En utilisant les résultats de Kachurin et al.29 et le logiciel TRIM®, on a pu déterminer la dose pour le seuil d’amorphosation qui correspond à une dose de 5x1014 at./cm² pour le cas du bore. La dose implantée étant de 1016 at./cm2, nous devrions avoir amorphisé tous les nanocristaux. La dose est cependant inférieure à 1,6 1016 at./cm² correspondant à la dose induisant une mélange total de la couche selon Murakami et al.25 et nos calculs. Ainsi, il reste encore dans la matrice des nanoparticules formées lors du premier recuit de formation. Le recuit post-implantation sert essentiellement à re-cristalliser les nanoparticules. En réalité, la température de cristallisation du silicium amorphe peut être aussi basse que 450-500°C48 mais avec des temps longs. Dans le chapitre 1, nous avions vu qu'il fallait une température d'au moins 900°C pour commencer à obtenir des nanoparticules80,81. Ainsi la cristallisation peut recommencer à une température bien plus faible que la séparation de phase. Ceci est cohérent avec nos observations.
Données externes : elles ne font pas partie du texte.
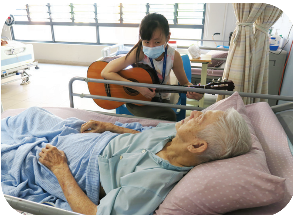
An individual music therapy session focusing on validating one's sense of identity and well-being through music engagement and music-based reminiscence.

"My best companion during the visitation restrictions was a radio gifted to me. I enjoyed different types of music played on various radio channels. I am looking forward to having volunteers visit us again so that we can enjoy sing-along sessions with them as well as live music entertainment."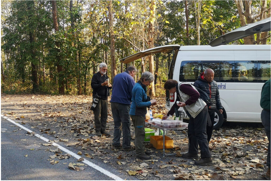
Lunch at Mae Ping NP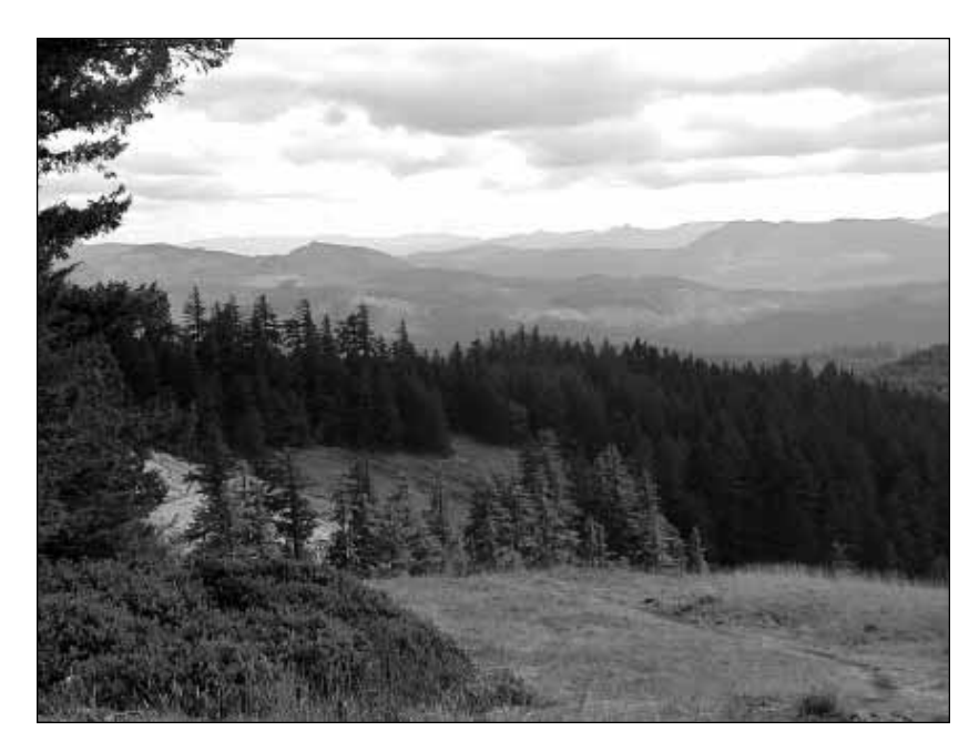
In the foreground, bristly manzanita ( Arctostaphylos columbiana ) softens the ecotone between forest and grassland; in the background, a view to the east of the Coburg Hills.

Four species located at the RNA are considered locally or regionally rare. Eyelash flower and common blue cup grow as widely scattered individuals in the meadows and rocky areas. These species are on the Lane County list C, meaning that they are of interest in Lane County for tracking or review purposes. (Although the RNA is in Linn County, it borders Lane County; hence the Lane County list was used to assess locally rare species). These two species are more common in eastern Oregon. The Lane County List of Rare and Endangered Vascular Plants, prepared by the Emerald Chapter of the Native Plant Society, indicates that these species are of limited occurrence in the county, and could be threatened by off road vehicle use. Eyelash flower is a small annual (to 16 inches) in the Asteraceae, with white flowers to ¾ inch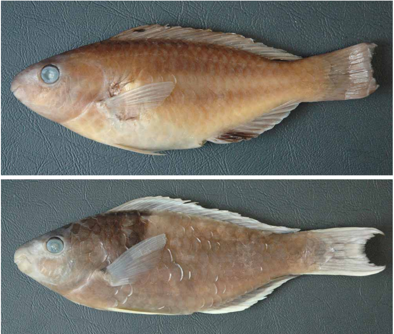
FIGURE 2. Specimens of Scarus maculipinna in alcohol. A. Holotype of Scarus maculipinna , PMBC 20408, initial phase coloration, 155.2 mm TL, Similan Island, Thailand. B. Paratype of Scarus maculipinna , FMNH 117285, 186.8 mm TL, terminal phase coloration (same specimen as Fig. 1B).

Nostrils small, the anterior in a short membranous tube, higher dorsoposteriorly, posterior nostril about 3 times larger than largest sensory pore of head, dorsoposterior to anterior nostril, the internarial distance about one-fourth orbit diameter. Scales large and cycloid; median predorsal scales extending to mid-interorbital space; dorsal fin with a low basal scaly sheath of a single row of small scales, one per membrane, diminishing in size posteriorly, and absent from about last 6 fin rays; no comparable scaly sheath on anal fin; caudal fin with 2 vertical rows of large scales on base, the middle pored scale of each row a little anterior to scales above and below, paired fins without basal scales.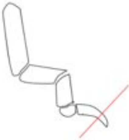
Where to cut a dog's toe nail.

The image shows how the bones of the paw and wrist angle back when a dog has long nails, but the damage doesn't stop there. All the bones in a dog's body are connected and the leg bones connect all the way up to the spine. Some of you might relate to how an injury on one part of our body can cause us to carry ourselves differently and create pain in another part of our body. Unfortunately, our dogs can't tell us when they have a headache or shoulder ache and many times we miss the slight signals that they are in pain. Since dogs can't trim their own nails, it's up to us to make sure this dog maintenance is performed before the pain sets in.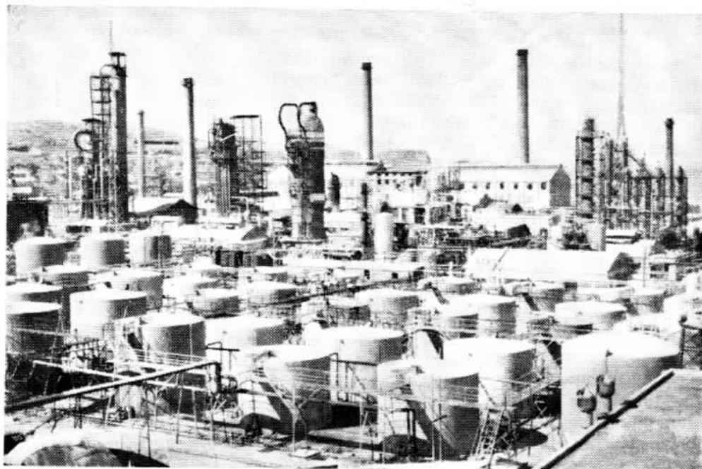
The Talién No. 7 Oil Refinery

installations but they have been more efficiently run and the quality of products has improved. The output of crude oil, gasoline, kerosene, diesel oil and lubricants has steadily increased and the state plans for these products have been consistently overfulfilled each year. In its drive for self-sufficiency, the industry is producing or has successfully trial-produced several hundred kinds of oil products ranging from those ordinarily needed in industry, agriculture, communications and transport to high-grade special products. These products are all up to the standards set by the state. In quantity, quality and range, China's oil industry today basically satisfies the needs of the various branches of the national economy. In this industry, that is so important for the national economy and defence, China stands on her own feet.

Dans le cas du recuit post-implantation à 1100°C, on peut remarquer que la cristallinité est bien plus importante pour l'échantillon Si-SiON dopé à l'arsenic que pour celui dopé au bore. La Figure 4.72b indique aussi une meilleure cristallisation (Xc plus élevé) pour le dopage au bore s'il a été réalisé après le recuit de formation (F+B+R) comparé à un échantillon implanté puis recuit (B+F). On observe une augmentation de 10% environ. Ceci peut être expliqué par le fait qu’il y a déjà des nanoparticules formées avant le recuit d’activation.
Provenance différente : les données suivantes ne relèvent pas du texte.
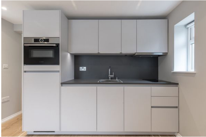
Flat 2, 117, Uxbridge Road, London, TW12, 1SL

London TW12 1SL 172.00 sqft 15.98 sqm available from now on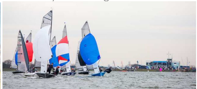
Adult and youth sailing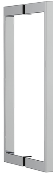
Double Door Handle shown with no Rosette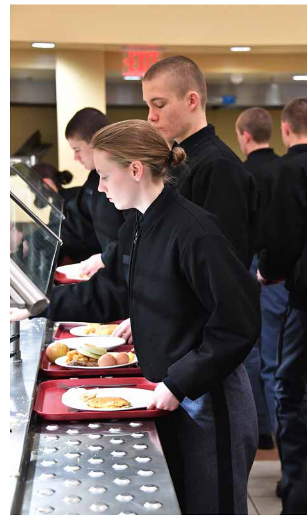
Cadets choose breakfast items in Crozet Hall Jan. 31.

Local restaurants will be given chances to partner with dining services. The Southern Inn restaurant and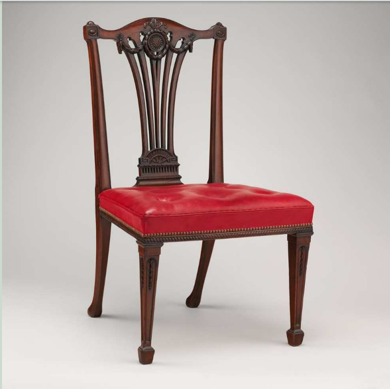
Side chair (from a set of 14) London, England, c. 1772

"One of the show's themes is the new importance accorded to drawing in 18th-century England, where recently established drawing academies were open not just to painters but also to decorative artists like Chippendale...No wonder a palpable sense of curatorial exuberance pervades this show."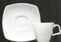
Mocca Cup & Saucer 4892/4893 Av. Volume 90 ml Av. Weight : 100g /115 g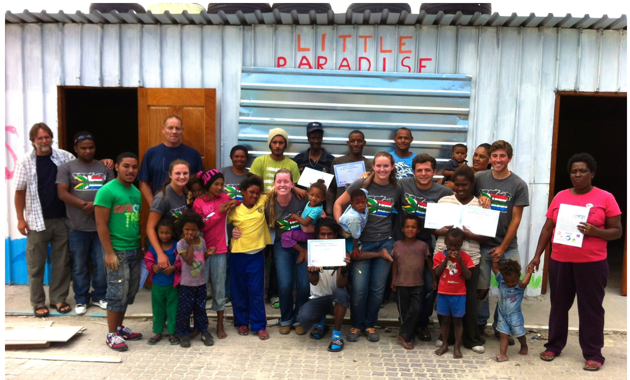
Final Picture Taken of Community Members, Sponsor, Partners, and WPI on December 12, 2014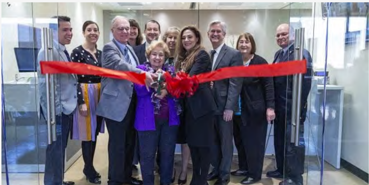
Board members in the grand opening of the first year experience center in 2019.

We are collaborating with the Director of Student Leadership and Campus Life, Vice President of Student Services, and Executive Director of Admissions and Registrar to get students registered to vote.

Figure 4.72 : (a) Spectre Raman avant recuit, après recuit de formation (F), après implantation de B

(F+B) et après un recuit d’activation pour le B à la température T (F+B+RT) ; (b) Fraction cristalline extraite des spectres Raman pour les échantillons dopés au B. A titre de comparaison, l’échantillon

n’ayant pas subi de recuit de formation préalable est reporté (B+F).

Résumé :

L'étude du recuit d'activation du dopant découplée de la formation des nanoparticules a été réalisée dans cette partie. Le découplage cependant n'est pas total puisque l'implantation ionique

engendre des défauts qui peuvent totalement remixer la couche. Ceci apparait d'autant plus vrai pour des ions lourds qui créeront un grand nombre de défauts. Par exemple, une dose de 1016 at./cm² d'arsenic est suffisante pour remixer quasiment intégralement la couche alors qu’avec la même dose en bore il reste quelques nanocristaux présents dans la couche.
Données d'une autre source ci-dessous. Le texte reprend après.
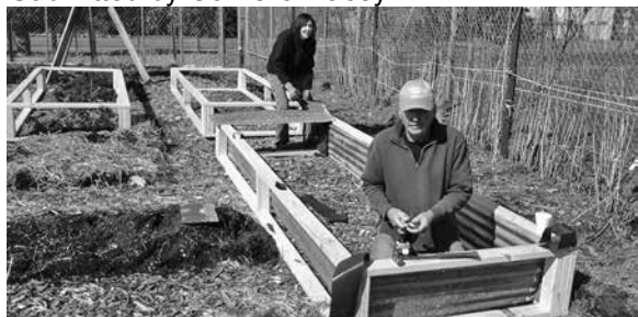
Starting on new beds from old boathouse metal!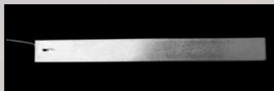
10008 Breaker Bar Assembly

Cato has been providing the quality Chief fire extinguisher cabinets since 1984 and is the world's largest manufacturer of plastic fire extinguisher cabinets and protective covers. The Chief cabinets protect the extinguisher from weather and any ambient conditions that might jeopardize its use. The elimination of metal reduces the chance of personal injuries and reduces the possibilities of product liability insurance claims. The unique design of the Chief cabinets also reduces vandalism and theft.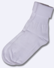
Turn over socks (must be white)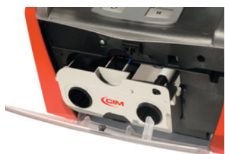
Ribbon cartridge EasyLoad

As many as 112 different configurations are available!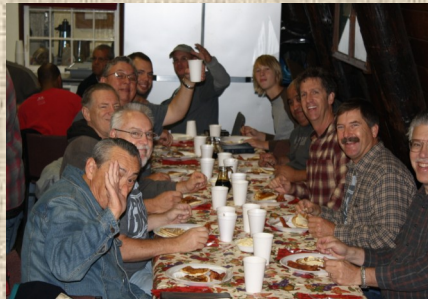
Calvary Chapel Men's Group Enjoying Breakfast

Space with plenty to do: With 28 acres here on camp, there is plenty to explore and room to play.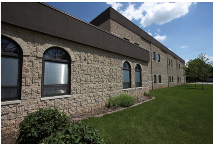
Figure 5 - Structural and decorative “Castle Rock” CMUs creates efficient use of masonry material and architectural expression. 5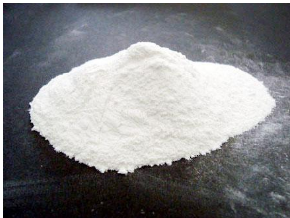
Figure 1.2 Powdered Marble

Unadulterated white marble is the consequence of transformative nature of an extremely immaculate (silicate-poor) limestone or dolomite protolith. The trademark whirls and veins of colourful marble assortments are generally because of different mineral contaminations, for example, earth, residue, sand, iron oxides, or chart which were initially present as grains or layers in the limestone. Green shading is frequently because of serpentine coming about because of initially high magnesium limestone or dolostone with silica pollutions. These different contaminations have been prepared and recrystallized by the extraordinary weight and warmth of the transformative nature.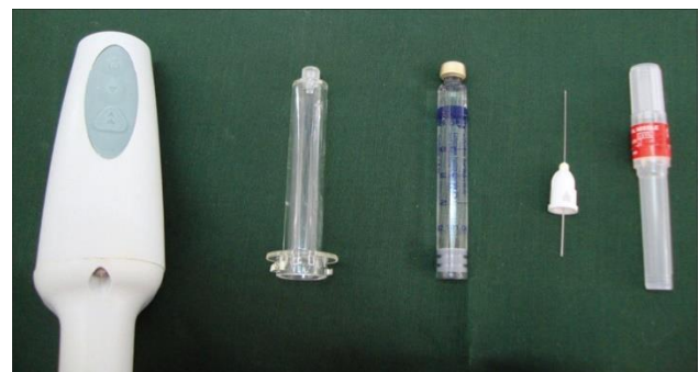
Figure 3. Parts of Comfort Control Syringe Handpiece.

D’un point de vue pratique, on déduit de cette étude que le dopage à posteriori de la formation des nanoparticules n'est intéressant que pour des faibles doses et pour des ions légers. Dans ce cas une cristallinité importante peut apparaitre dès 900°C. Pour les ions plus lourds comme le cas de l’arsenic, s'il y a eu un mélange total de la couche, un recuit thermique de l'ordre de celui utilisé à la formation des nanoparticules est nécessaire (1100°C). Pour la formation réelle de jonction pour l’application solaire, il faut regarder cas par cas s’il faut ou non découpler les recuits de formation des nanoparticules et leur dopage effectif.